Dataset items
# # #
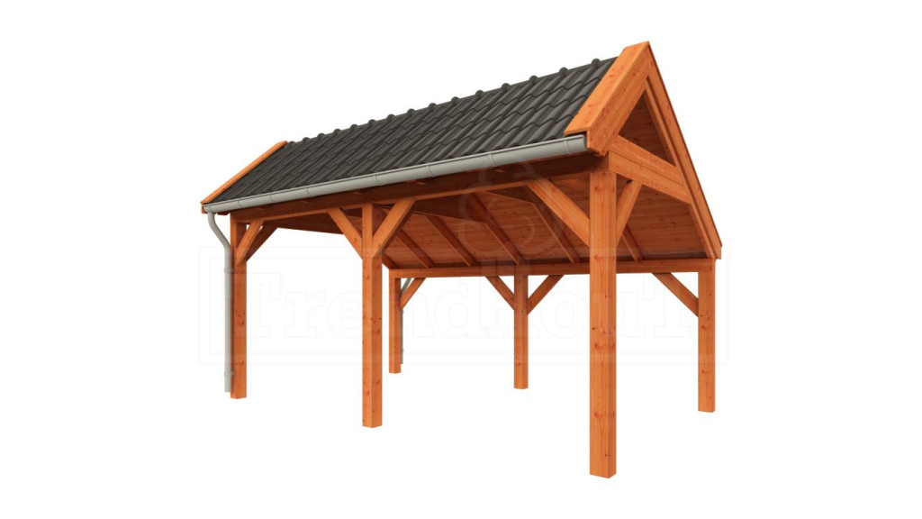 Deze kapschuur is als bouwpakket samengesteld en het laten opbouwen door Trendhout is een optie.
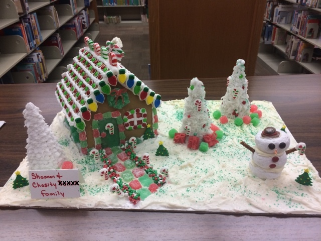 My children and I entered a gingerbread house contest at our local library. We entered the family division and WON! We were so excited!
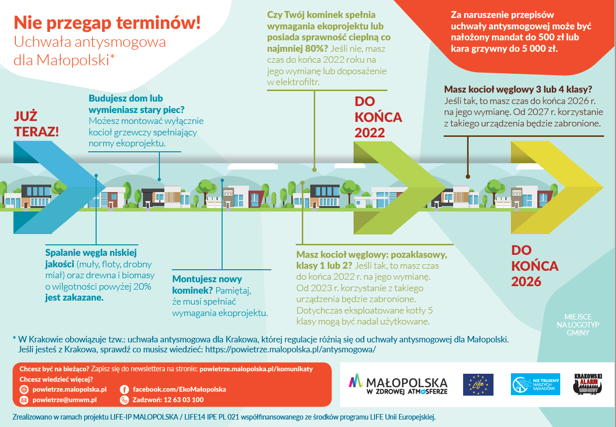 W gminach Niepołomice, Krzeszowice, Skawina, Rabka Zdrój, Czarny Dunajec oraz miast Oświęcim i Nowy Targ regulacje Lokalnych Uchwał Antysmogowych zakładają m.in. całkowite odejście od węgla od 2030 roku.
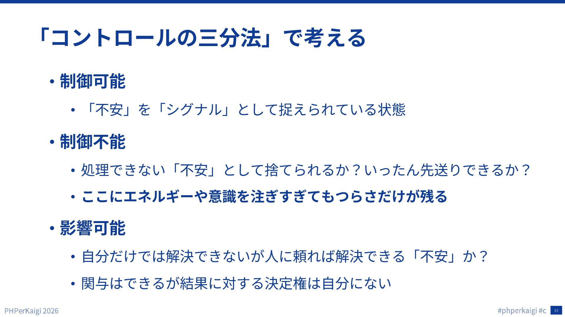 「コントロールの三分法」で考える「コト」への向き合い方 / phperkaigi2026
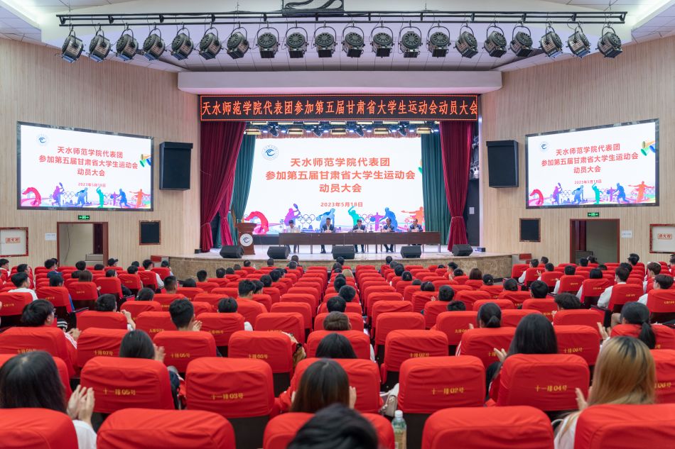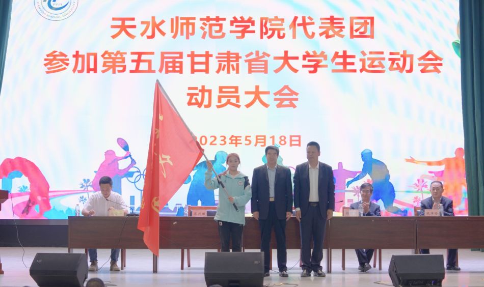 5月18日下午,学校在大礼堂举行天水师范学院代表团参加甘肃省第五届大学生运动会动员大会。校长汪聚应出席作动员讲话并为代表团授旗。
# # #
Set the lines above down again, word for word, from the first through the one containing "My children and"; pictures excluded.

 Deze kapschuur is als bouwpakket samengesteld en het laten opbouwen door Trendhout is een optie.
 My children and I entered a gingerbread house contest at our local library. We entered the family division and WON! We were so excited!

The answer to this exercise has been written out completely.